But here’s the interesting thing about this phenomenon: Those old retailing models don’t get swept away entirely. Sometimes, through adaptation, convenience or just plain nostalgia, they demonstrate considerable life and utility, even if they’ve been reduced to niches.
With that in mind, consider retailing giant Sears, which is announcing promotions and a contest to mark 17 years of its Sears Hometown Stores.
The Hometown stores, a separate operation under the Sears holding-company umbrella, are hard-goods retailers – home appliances, consumer electronics, tools and lawn and garden equipment. They don’t carry apparel, although customers can order clothing through those stores and Sears online and have purchases shipped to their homes.
The stores are typically found in smaller and rural communities, although there’s no set rule that says they have to be a minimum distance away from full-line, mall anchor Sears stores.
In this region you can find them in Enumclaw and Eatonville; around Washington, Sears has Hometown stores in communities such as Sequim, Omak, Ellensburg and Othello.
Hometown stores are owned by independent contractors who are responsible for operational and employee expenses: Sears owns the merchandise and gets paid a commission on what the store owners sell.
Chief marketing officer Keri Durkin-Reichow says the Hometown stores concept replaced Sears’ catalog stores (also found in smaller and rural towns) which the company phased out as it got out of the catalog business.
More on that in a moment. The appeal of the smaller stores with specific product lines is convenience, Durkin-Reichow says; not everyone has the time or desire to drive to the mall, especially if the mall store is hours away.
That’s what makes this story intriguing and important in understanding the retailing industry.

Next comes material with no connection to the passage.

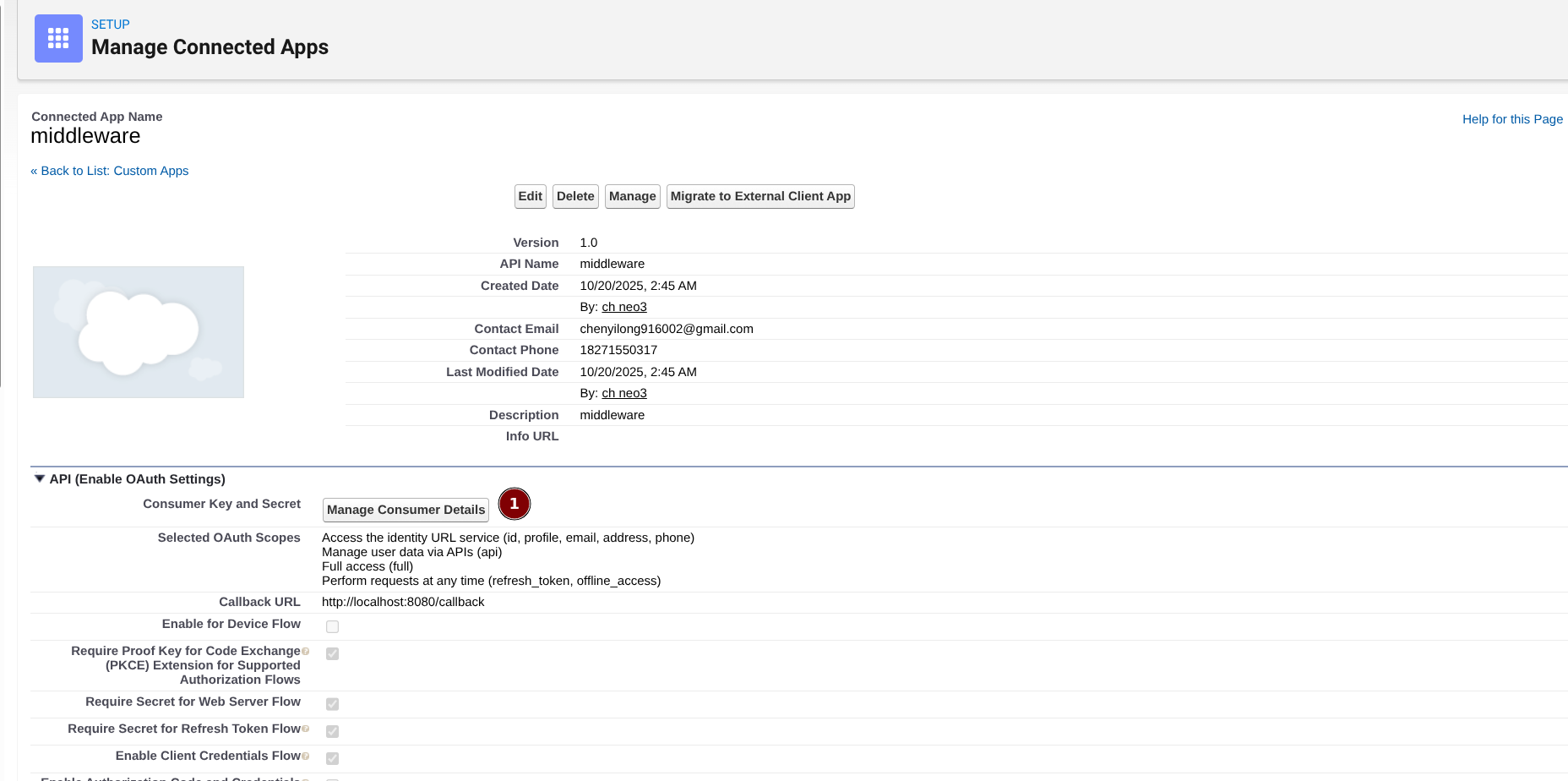 该应用会提供 client_id 与 client_secret,它们是外部系统访问 Salesforce API 的 “门卫” 与 “钥匙”。

Those who have been around the block a time or two will recognize the Hometown concept as a reincarnation of chains like Western Auto that offered a smattering of hardware, gardening equipment, sporting goods and similar hard lines (in fact, Sears at one time owned Western Auto) and were typically found in smaller communities.
It’s a concept that should have been made extinct by shopping malls and larger specialty chains (think of what Home Depot and Lowe’s have done in hardware and home improvement).
Yet it’s not only hanging on but showing potential for growth – or at least Sears thinks it can grow. From about 100 locations initially, Sears now has 970 Hometown stores, and Durkin-Reichow says the company believes it can open 50 to 125 additional stores a year.
Sears has had considerable experience with the continuing useful life of supposedly outmoded retailing concepts. Once known primarily as a catalog merchant, Sears phased out its big print catalog in 1993. But it continues to print specialty catalogs, and in recent years has made a push back into Christmas catalogs.
And why not? While the Internet offers advantages for placing orders over mail and telephone, print catalogs are still faster and more convenient for comparison shopping, especially between different retailers.
Nor is Sears the only one discovering new life for old retailing ideas. Physical shopping was to have been done in a decade ago by the Internet, yet people still throng to bricks-and-mortar stores. Or consider the hot trend of farmers markets, which are about as old a concept as there is in retailing.
Prone to upheaval as it is, retailing will be swept by still more innovations and changes that threaten to wipe out whatever came before. Whatever the new new thing is, the new old thing can still be a viable business, for those who heed some sage advice from “The Music Man” that, when it comes to knowing what customers want, “Ya gotta know the territory.”
Bill Virgin’s column on business and economics appears Sunday in The News Tribune. He is editor and publisher of Washington Manufacturing Alert and Pacific Northwest Rail News. He can be reached at firstname.lastname@example.org.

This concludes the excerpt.